The present invention relates to an immersion nozzle to be used for pouring molten steel in continuous casting of steel.
The immersion nozzle usually has two delivery ports formed in the left and right at around a lower end of a nozzle bore thereof. Because flow rate control is carried out by reducing the nozzle-bore area, such as in a sliding plate or upper nozzle during casting, the immersion nozzle has an inner diameter of nearly 1.1 to 3 times the reduced-bore area. Due to this, there is a tendency that the molten steel falling from the plate or upper nozzle deviates in its flow center, to cause flow deviation such that the molten-steel flow through the nozzle bore deviates to one side. As a result, there are cases that molten steel does not flow out equivalently in the left and right through the delivery ports. The deviation at the delivery ports prevents molten steel from homogeneously solidifying within a mold, resulting in an uneven structure in the solidified cast piece.
FIG. 17 is an example of a device for flow-rate control by sliding a middle plate 81 of a sliding plate device 80 comprising three plates, wherein the sliding direction is perpendicular to the delivery port 82. In this example, although the molten steel flow deviates as indicated by the arrow, it is used with the intention that, because the direction of deviated flow is in perpendicular direction to the delivery port 82, the delivery flow at the nozzle delivery port might be free from deviation. However, actually deviation occurs also in the delivery flow at the delivery port. The cause of this is considered to be that because the flow deviation caused by sliding the hole of the middle plate 81 could be twisted during falling through the nozzle bore 83, deviation would be caused in the delivery flow at the delivery port 82.

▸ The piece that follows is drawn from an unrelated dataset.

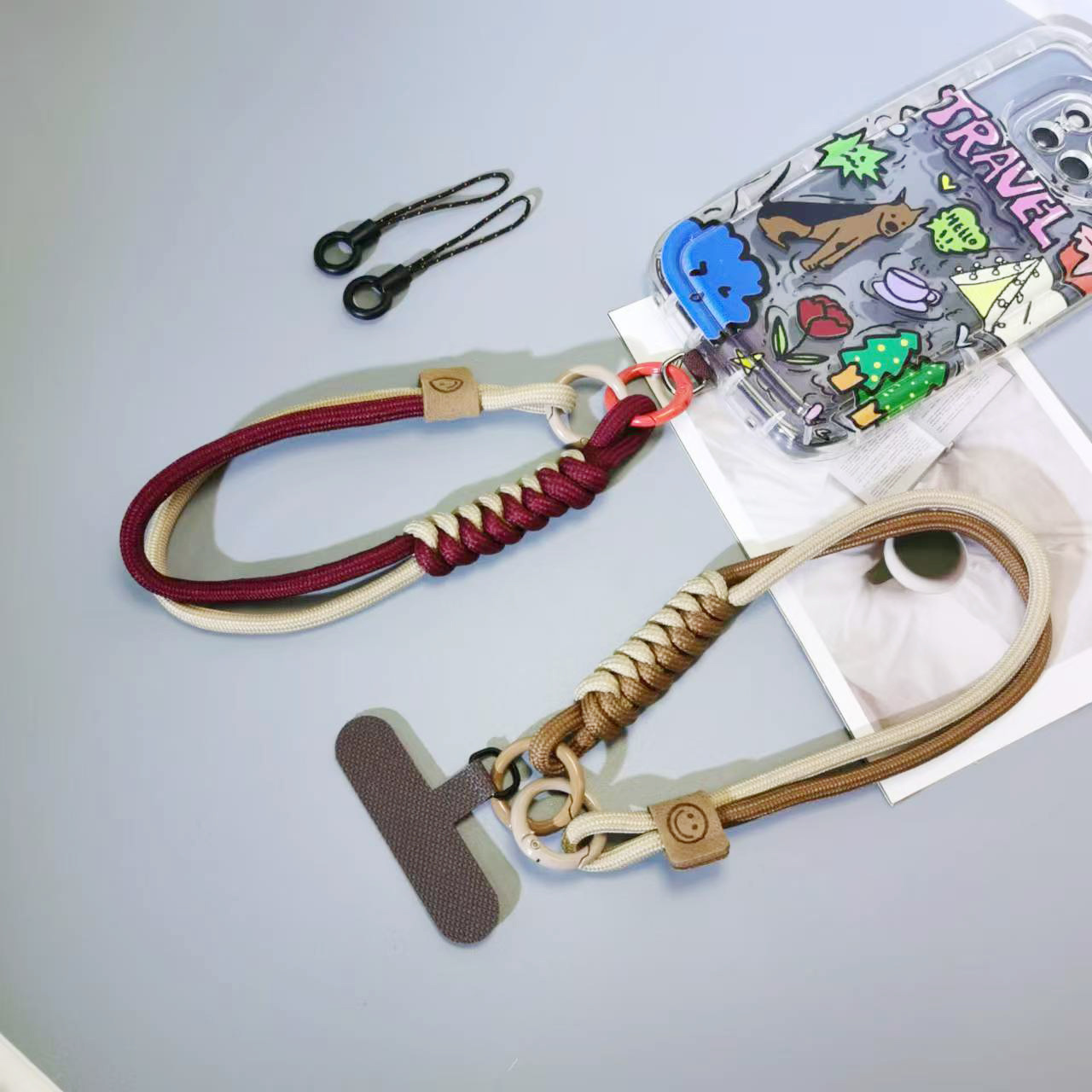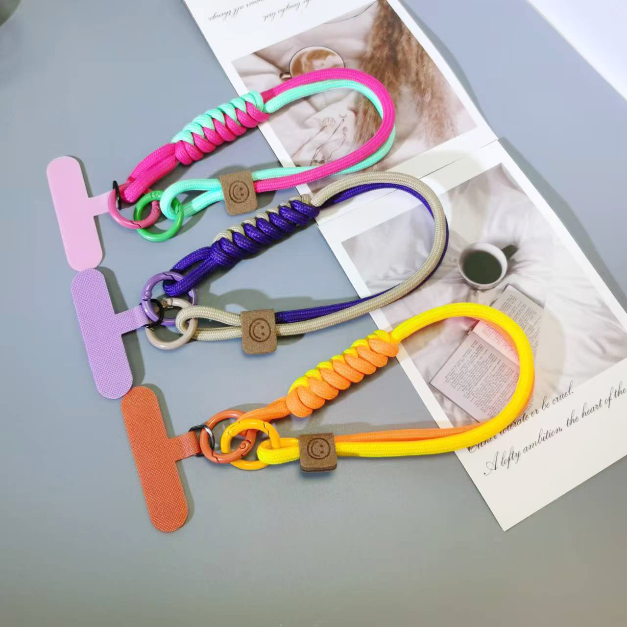 Плетеный чехол для мобильного телефона контрастного цвета, универсальный ремешок, короткий портативный брелок, универсальный кулон, ювелирная цепочка против падения, веревка для бутылки с водой

Meanwhile, Japanese Patent Laid-Open Publication No. 11-123509 describes that the provision of a step structure in an immersion-nozzle bore makes it possible to prevent the immersion nozzle from being clogged due to alumina deposition and further flow deviation in the immersion-nozzle bore from occurring thus making the in-pipe flow velocity even.
However, according to the test repeated with water model experiments by the present inventors, it has been found that a step does not completely prevent against flow deviation in the delivery flow resulting from flow deviation through the immersion-nozzle bore caused by a sliding nozzle, stopper or the like for controlling the flow rate of molten metal from the tundish to the immersion nozzle.

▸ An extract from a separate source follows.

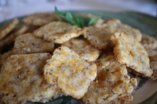 Preheat oven to 350F. Line baking sheets with parchment or silpats. Unwrap dough and slice into 1/8 inch slices. Place on baking sheet and bake until the cookies are lightly browned around the edges and crisp, about 10 minutes. *Important* Keep remaining dough cold while cookies are baking. Let baking sheets cool in between batches or cookies tend to spread out and lose their shape. Enjoy with a glass of wine or a cold glass of beer.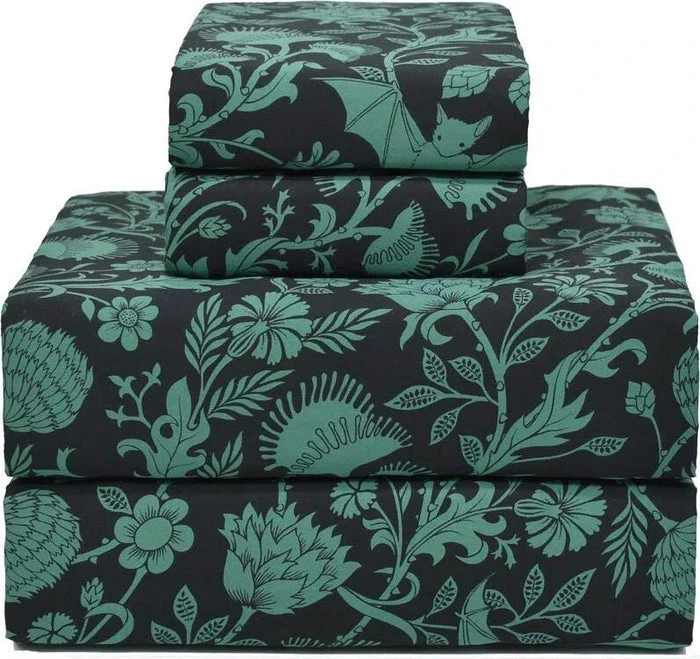 Bring your love of a moonlight stroll into your bedroom with Elysian Fields in a new shade: Absinthe green. Frisky little bats flutter among the graceful thistles and Venus flytraps on these dreamy sheets made from long staple cotton. Spruce up your bed with floral linens that are far from the usual. Just like you.

The present invention is, in an immersion nozzle to be used for steel continuous casting, a flow-deviation preventing immersion nozzle, shown in the following (1) to (6) descriptions, for preventing flow deviation in a delivery flow resulting from the flow deviation in the bore region.

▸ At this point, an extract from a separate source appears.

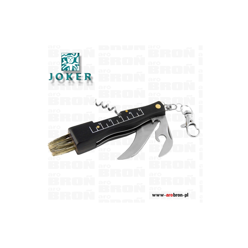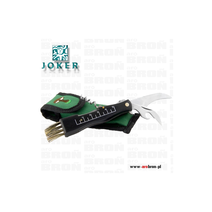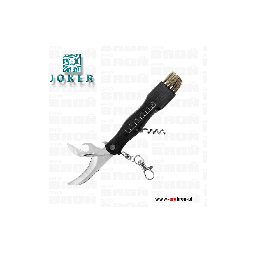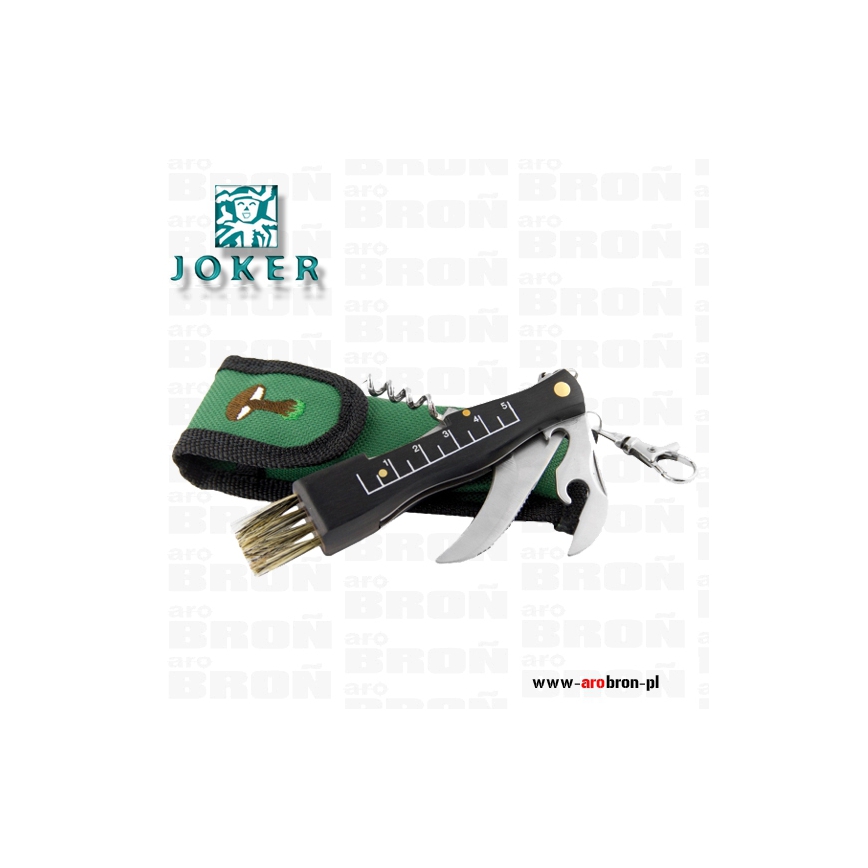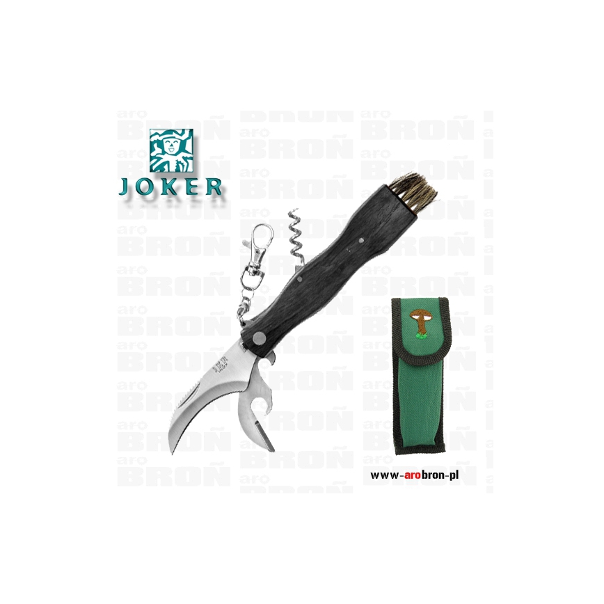 Nóż Joker składane JKR089 to profesjonalny nóż składany hiszpańskiego producenta JOKER. Skierowany został do zbieraczy grzybów. Ostrze ze stali nierdzewnej o wygiętym profilu warncliff ułatwia przycinanie grzybów. Dodatkowo na rękojeści znajduje się miarka umożliwiająca zmierzenie średnicy grzybów. Jako narzędzie wielofunkcyjne nóż posiada otwieracz do puszek i butelek, pensetę oraz korkociąg. Na końcu rękojeści wyposażonej w drewniane okładziny znajduje się miotełka do oczyszczenia grzybów z ziemi i piasku. Nóż został wyposażony w karabińczyk, który ułatwia przypięcie do pasa.

(1) A flow-deviation preventing immersion nozzle as an immersion nozzle having opposite two delivery ports has one or more bore reduced portions at above the delivery port in a bore, wherein the bore reduced portion closest to the delivery port is an elliptic bore reduced portion having a bore form of an ellipse in horizontal section, and an elongate direction of the ellipse is nearly parallel with a direction of the delivery port.
(2) A flow-deviation preventing immersion nozzle according to (1), wherein a bore elliptic reduced portion having an ellipse having an elongate direction nearly parallel with the direction of the delivery port is provided as a bore reduced portion second closest to the delivery port.
(3) A flow-deviation preventing immersion nozzle according to (1) or (2), wherein the uppermost bore reduced portion is a bore elliptic reduced portion having an ellipse in a direction perpendicular to a slide direction of a plate.
(4) A flow-deviation preventing immersion nozzle according to (1), (2) or (3), wherein the bore in other than the bore reduced portions is nearly circular in section thereof.
(5) A flow-deviation preventing immersion nozzle according to (1), (2), (3) or (4), wherein a lower end surface of the bore elliptic reduced portion closest to the delivery port is 0.3H-2H of a delivery port height H of from an upper end of the delivery port.
(6) A flow-deviation preventing immersion nozzle according to (1), (2), (3) or (4), wherein a lower end surface of the bore elliptic reduced portion closest to the delivery port is 0.3H-2H of a delivery port height H of from an upper end of the delivery port, the spacing to the upper bore elliptic reduced portion being 0.3D-2D of a diameter D of the bore, and moreover a length of each bore reduced portion being 0.5D-5D.